SLOVAKIA will contribute to the second bailout package for Greece after ministers of finance of the eurozone agreed on February 21 to provide another €130 billion to the country, while private creditors simultaneously forgave Greece 53.5 percent of its debt to them, the Sme daily reported.
The specific amount of money that will be provided by Slovakia will depend on the sum lent by the International Monetary Fund (IMF). If this is €23 billion, as per a proposal by German Finance Minister Wolfgang Schäuble, Slovakia’s guarantees would be up to €1 billion, Sme wrote.
Slovak Finance Minister Ivan Mikloš said he considered the negotiations to have been successful, as the ministers agreed on finding ways to decrease Greece’s high debt level without increasing the final amount of financial help. According to Mikloš, the ministers passed all the requirements proposed by Slovakia, such as the participation of the private sector as well as the IMF, promises in the area of privatisation, and stricter monitoring of observation of the rules, the SITA newswire reported.
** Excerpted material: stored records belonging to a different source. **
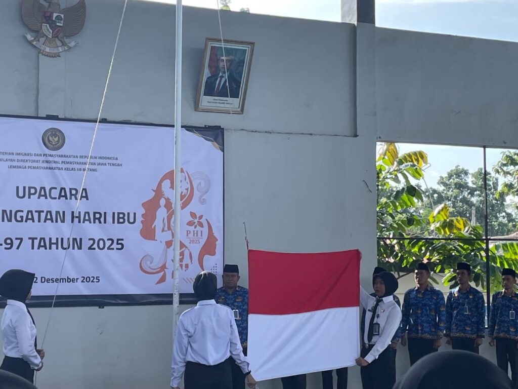 Batang – Lembaga Pemasyarakatan (Lapas) Kelas IIB Batang menggelar upacara peringatan Hari Ibu Tahun 2025, Senin (22/12). Upacara yang mengusung tema “Perempuan Berdaya dan Berkarya, Menuju Indonesia Emas 2045” ini dilaksanakan di Aula Lapas Batang dan diikuti oleh jajaran petugas Lapas Batang, Calon Pegawai Negeri Sipil (CPNS), peserta magang, serta warga binaan perempuan Lapas Batang dengan penuh khidmat dan kedisiplinan.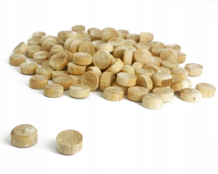 Zestaw fleków gałęziowych (nazywanych również sękami lub zaprawkami) wykonanych z drewna świerkowego. Jest to niezbędny element w każdym warsztacie stolarskim i ciesielskim, służący do precyzyjnego i estetycznego maskowania wad drewna lub ubytków powstałych podczas obróbki.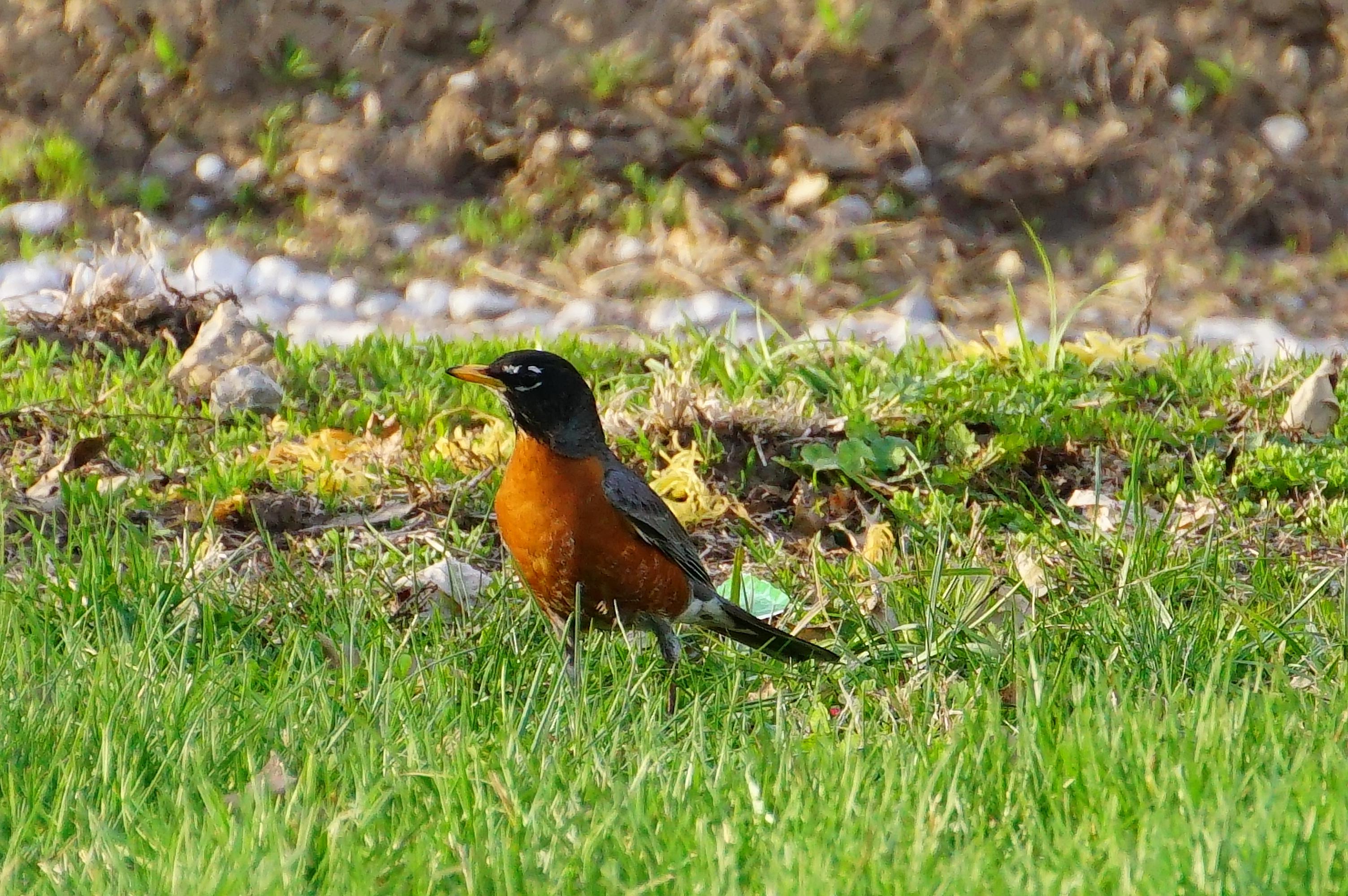 Observations of nesting behavior are increasing as more American Robins arrive to breeding territories. This time of year robins are busy collecting nest material as they start the construction process and prepare to welcome the next generation. Some have even completed their nests and are staring to lay eggs!

“I believe that the results of these negotiations will contribute to a calming of the situation and the protection of our common currency,” Mikloš stated, as quoted by SITA.
He said he hoped that the measures agreed would not significantly affect Slovakia as it will not have to participate in the bilateral loans and the National Bank of Slovakia (NBS), the country’s central bank, does not hold any Greek bonds.
Mikloš said that Slovakia was not going to pay Greece any “real money”.
“The realisation of these guarantees would come only if Greece did not fulfil its commitments to the European bailout fund,” he stated, as quoted by SITA.